Title {1}	An RCT of a decision aid to support informed choices about taking aspirin to prevent colorectal cancer and other chronic diseases: a study protocol for the SITA (Should I Take Aspirin?) trial
Trial registration {2a and 2b}.	ACTRN12620001003965 The Australian New Zealand Clinical Trials Registry (ANZCTR) https://www.anzctr.org.au/Trial/Registration/TrialReview.aspx?ACTRN=12620001003965
Protocol version {3}	11/12/2020 Version 5.0
Funding {4}	Victorian Cancer Agency Grant CPSRG19011
Author details {5a}	Shakira Milton1,2, Jennifer McIntosh2,3, Finlay Macrae,4,5, Patty Chondros2, Lyndal Trevena6, Mark Jenkins7, Fiona M. Walter2,8, Lucy Boyd1,2, Sibel Saya1,2, Napin Karnchanachari1,2, Kitty Novy1,2, Carmody Forbes1,2, Javiera Martinez Gutierrez1,2,9, Kate Broun10, Sara Whitburn11, Sarah McGill12, George Fishman13, Julie Marker13, Max Shub13,Jon Emery1,2,8 Author Affiliations 1. Centre for Cancer Research, University of Melbourne, Melbourne, Australia 2. Department of General Practice, University of Melbourne, Melbourne, Australia 3. Department of Software Systems & Cybersecurity, Monash University, Melbourne, Australia 4. Colorectal Medicine and Genetics, The Royal Melbourne Hospital, Melbourne, Australia 5. Department of Medicine, The University of Melbourne, Melbourne, Australia 6. School of Public Health, The University of Sydney, Sydney Australia 7. Melbourne School of Population and Global Health, University of Melbourne, Melbourne, Australia 8. The Primary Care Unit, University of Cambridge, Cambridge, United Kingdom 9. Department of Family Medicine, School of Medicine. Pontificia Universidad Católica de Chile, Chile 10. Early Detection and Immunisation, Prevention Department, Cancer Council Victoria, Australia 11. Belmore Road Medical Clinic, Melbourne, Australia 12. Cancer Screening and Prevention, Cancer Institute NSW, Australia 13. PC4 Joint Community Advisory Group, University of Melbourne, Australia JE conceived the study and led the initial study design. SM, JM, FM, PC, LT, MJ, FMW, NT, LB, SS, NK, KN, CF, JMG, KB, SW, SM, GF, JM, MS and JE contributed to the study design. JE, MJ, LT, FW, FM, JM, SS, PC, and SM are the grant holders. PC provided statistical expertise in clinical trial design. All authors contributed to refinement of the study protocol and approved the final manuscript.
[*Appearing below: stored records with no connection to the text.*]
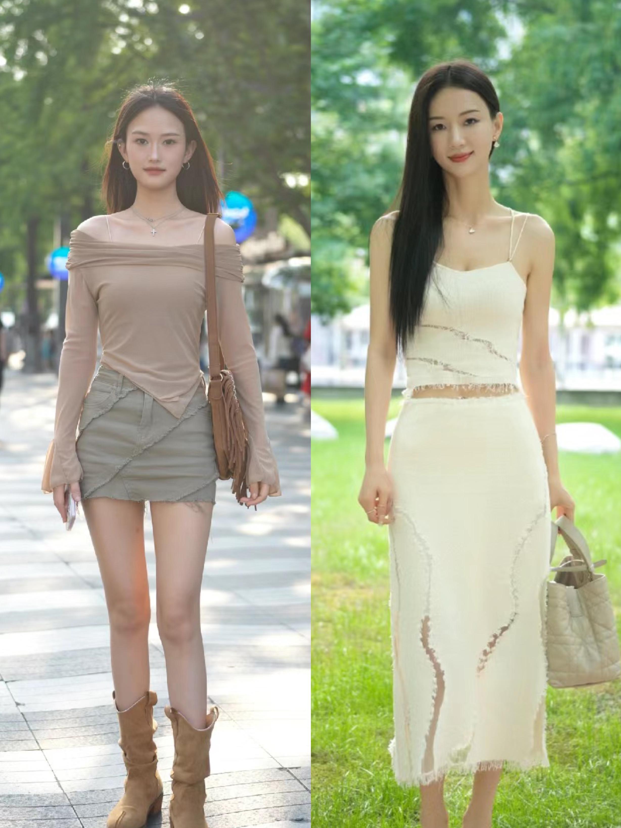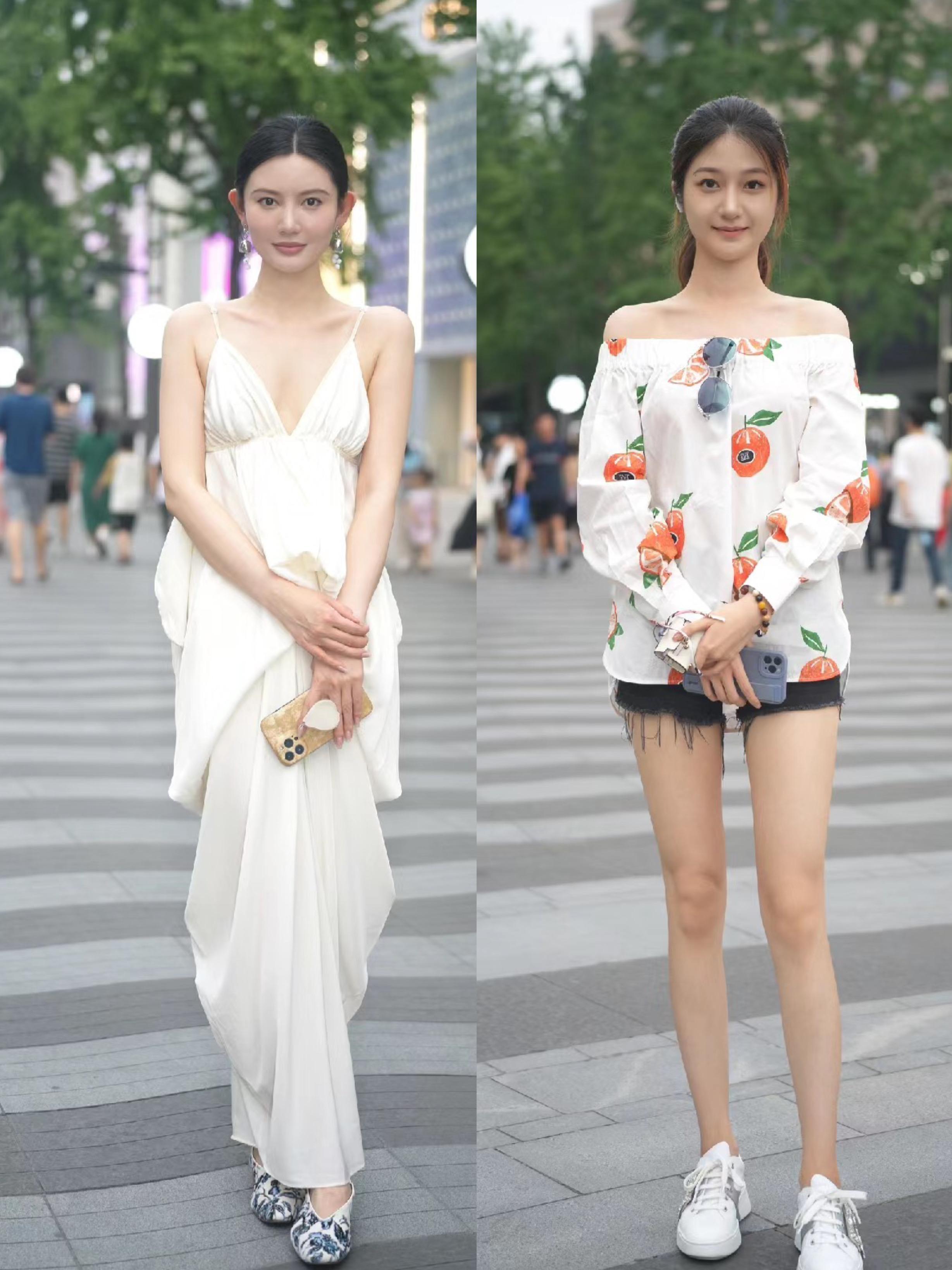 看杭州街拍就明白,清涼感穿搭格外惹眼。尤其是細肩帶的白色吊帶裙,有一種清冷又華麗的美。
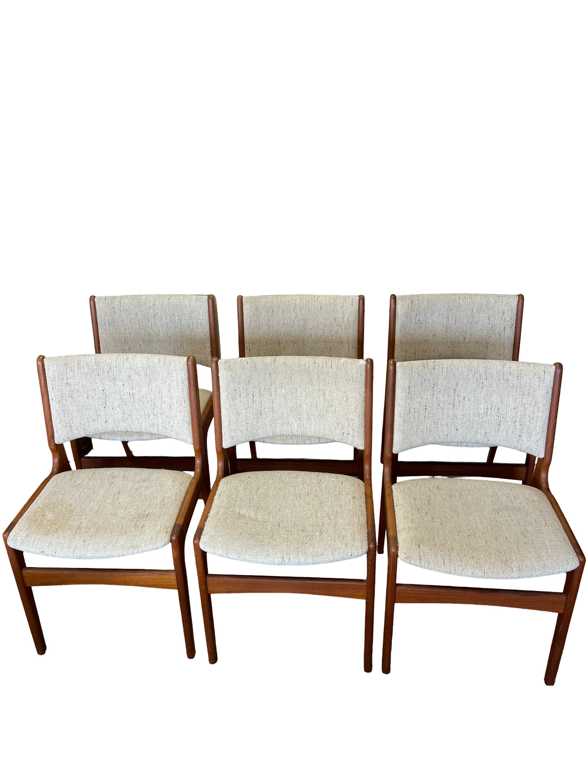 Je vous propose ces 6 chaises scandinaves en teck massif Design d’Erik Buch modèle n89 datant de 1960. Avec leur structure en bois et leur assise en tissu beige, elles apportent une touche rétro et élégante à votre salle à manger !
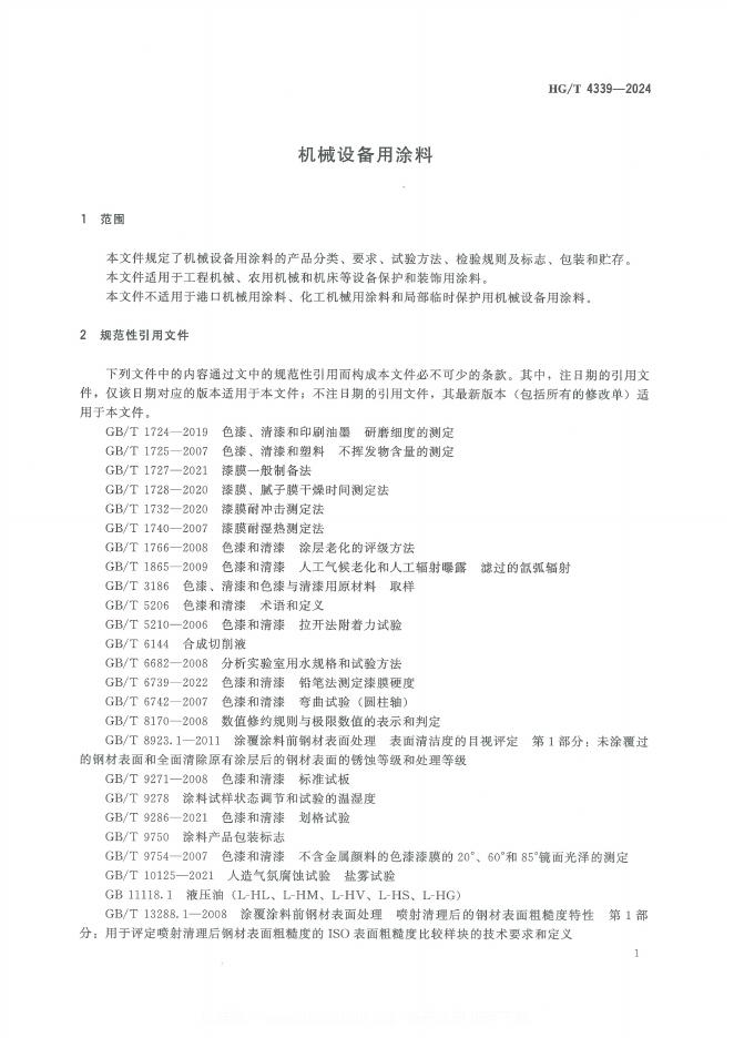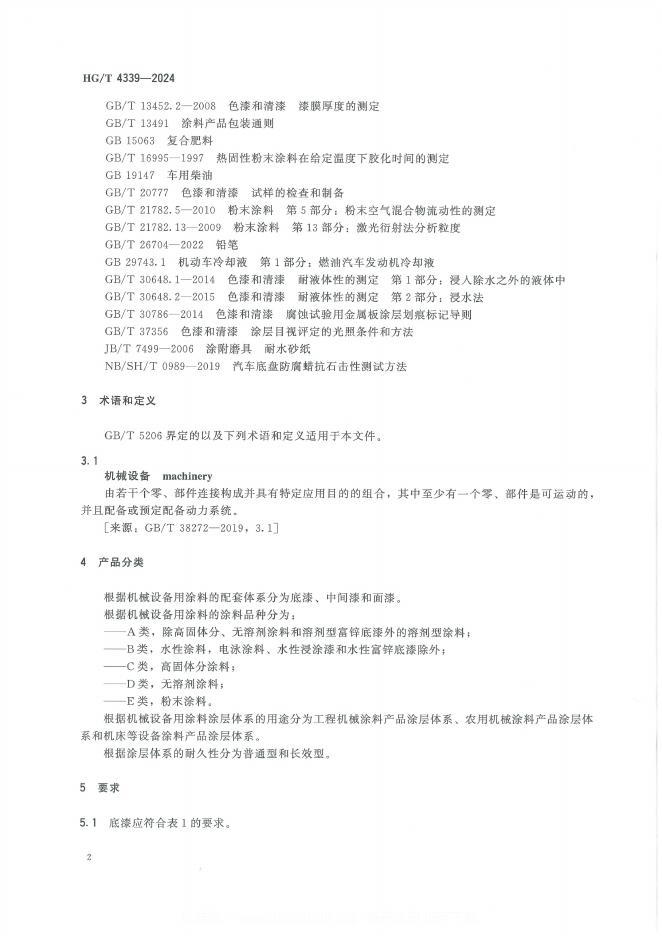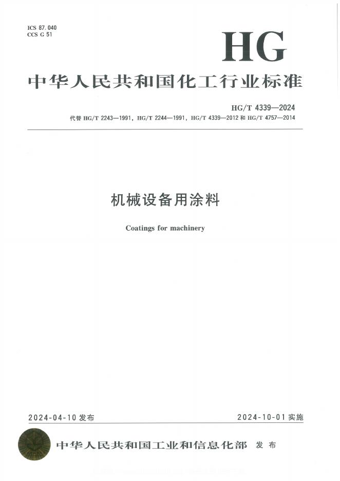 HG/T 4339-2024 机械设备用涂料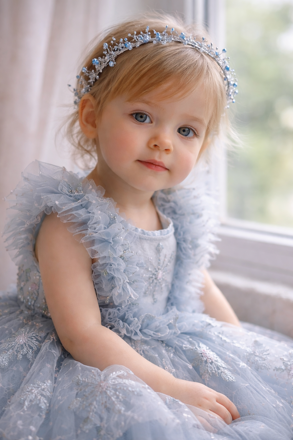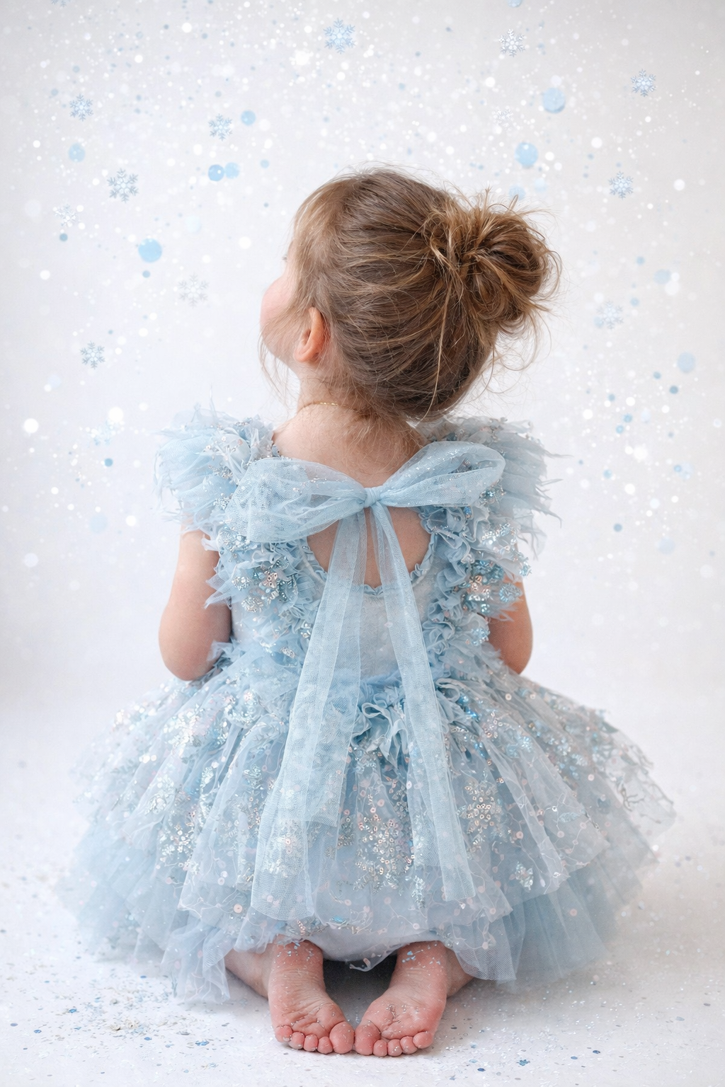 The full, fluffy skirt creates a classic twirl-worthy silhouette, perfect for winter celebrations, birthdays, holidays, photoshoots, and special occasions. Light, airy, and exquisitely detailed, this dress captures the magic of winter in the most elegant way.
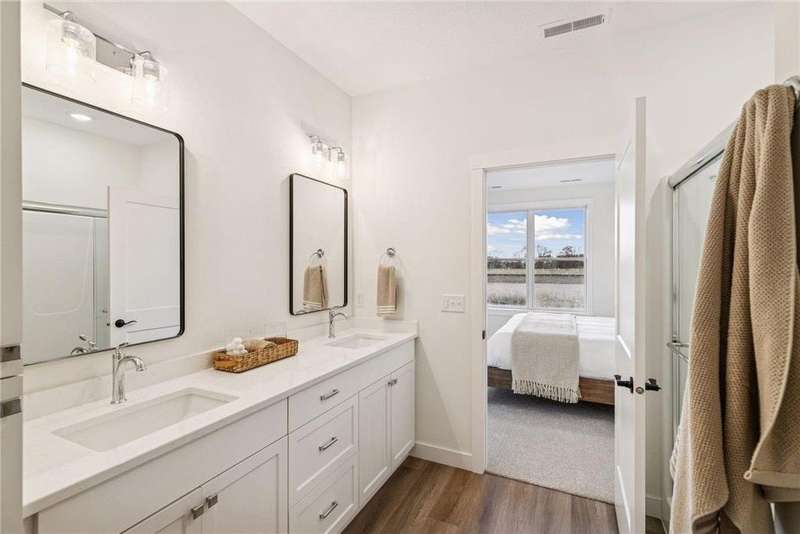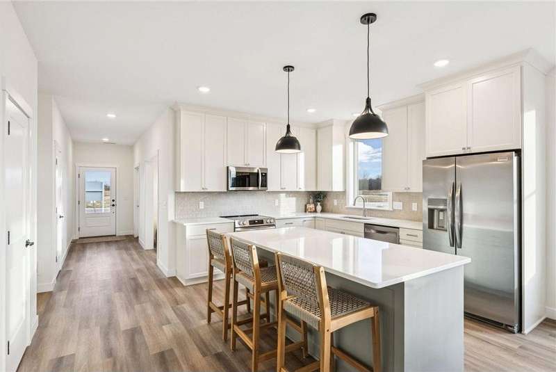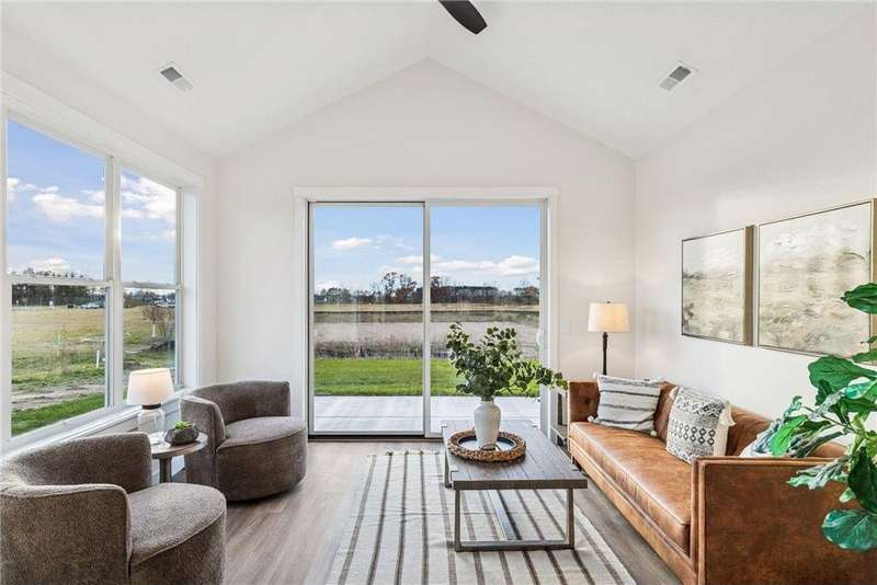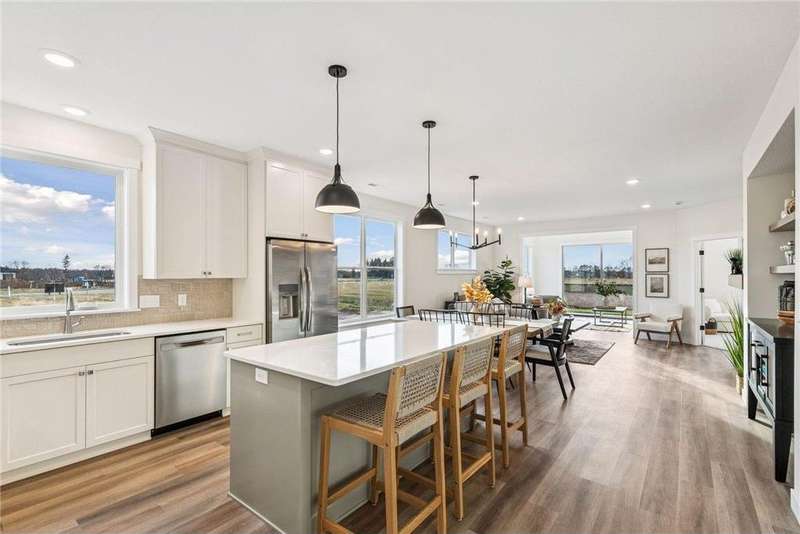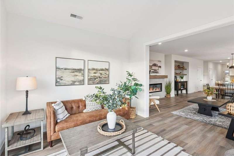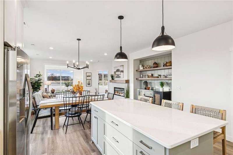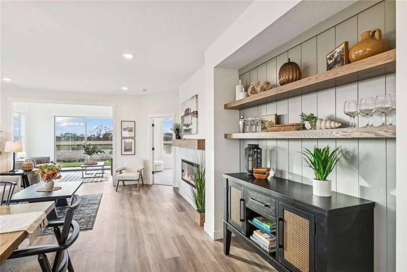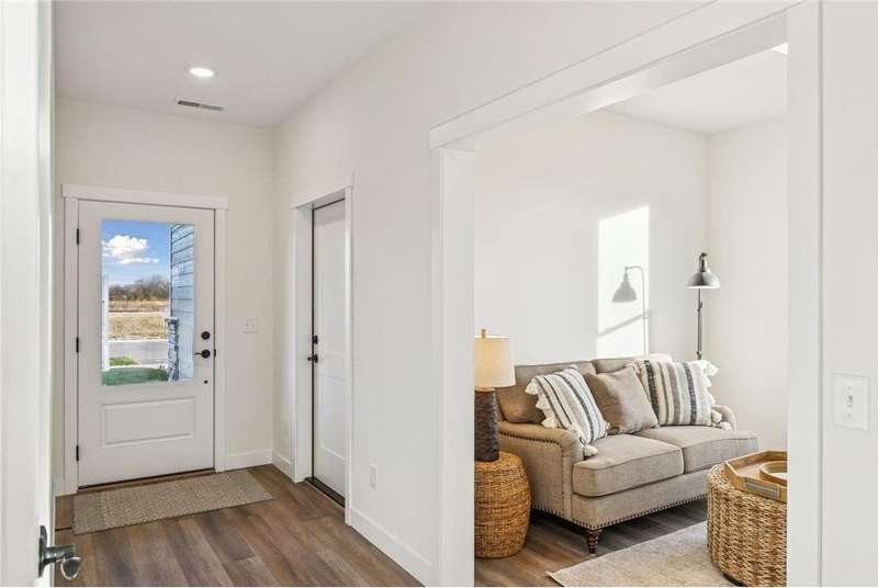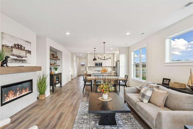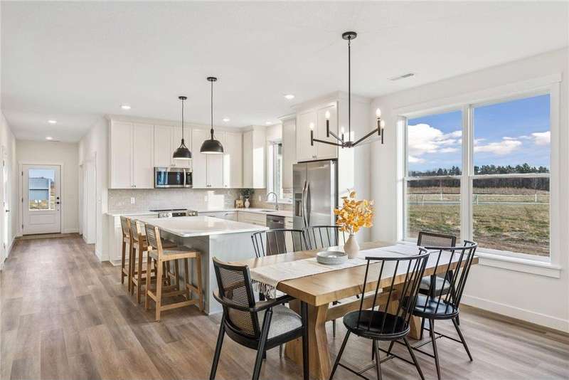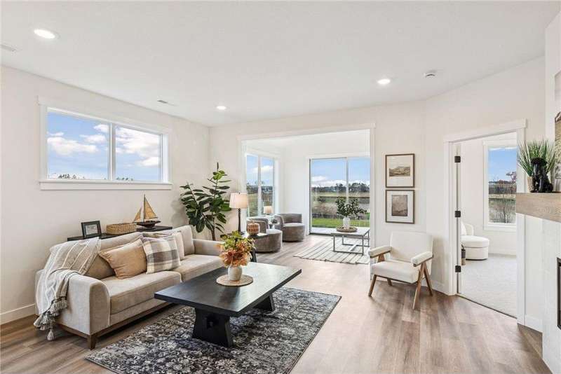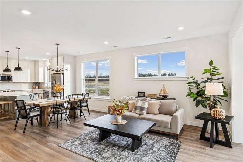 Welcome to the NEW Francois Fields community in New Richmond, where low-maintenance living meets elevated design. This custom-built Derrick 2BD/2BA twin home showcases the exceptional craftsmanship and thoughtful finishes you expect from one of the area’s premier builders. Featuring the brand-new St. Johns slab-on-grade floor plan, this home delivers modern comfort and timeless style. A light-filled open-concept living room, anchored by an elegant Allusion electric fireplace is ideal for relaxing or entertaining. The custom enameled kitchen cabinets reach to the ceiling and are complemented by quartz countertops, a tile backsplash, under-cabinet lighting, and soft-close drawers. Stainless steel appliances and a spacious island make this kitchen both functional and beautiful. Enjoy natural light year-round in the bright and airy sunroom, perfect for morning coffee or quiet reading. The primary suite offers a private retreat with a dual-sink vanity, walk-in shower, and large walk-in closet. A flexible front room serves perfectly as a home office or sitting room, while the second bedroom, full guest bath, and laundry room complete the home. The attached two-car garage provides ample storage. With association-maintained lawn care and snow removal, you’ll spend less time on chores and more time enjoying life. See supplements for photos, tour, and more. Schedule your private tour today and experience easy, refined living in Francois Fields.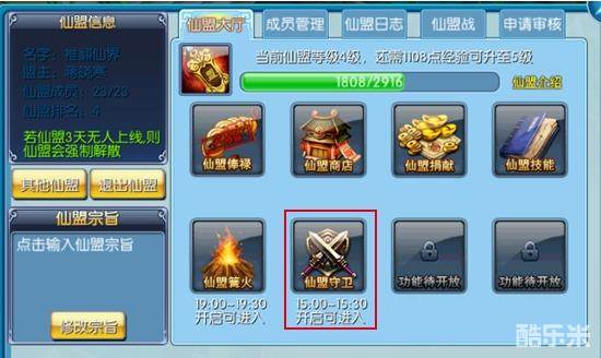 2、仙盟守卫开启时间为每日15:00-15:30。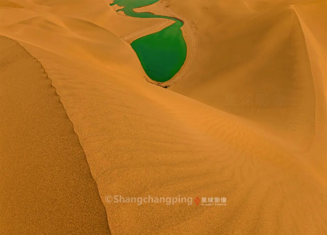 ▼ 塔克拉玛干沙漠里的河道残留湖

Name and contact information for the trial sponsor {5b}	The University of Melbourne is the trial sponsor. Phone: 13 MELB (13 6352) International: +(61 3) 9035 5511 Postal address: The University of Melbourne, Victoria 3010 Australia
Role of sponsor {5c}	The sponsor and funder do not have ultimate authority over the study design; collection, management, analysis, and interpretation of data; writing of the report; and the decision to submit the report for publication.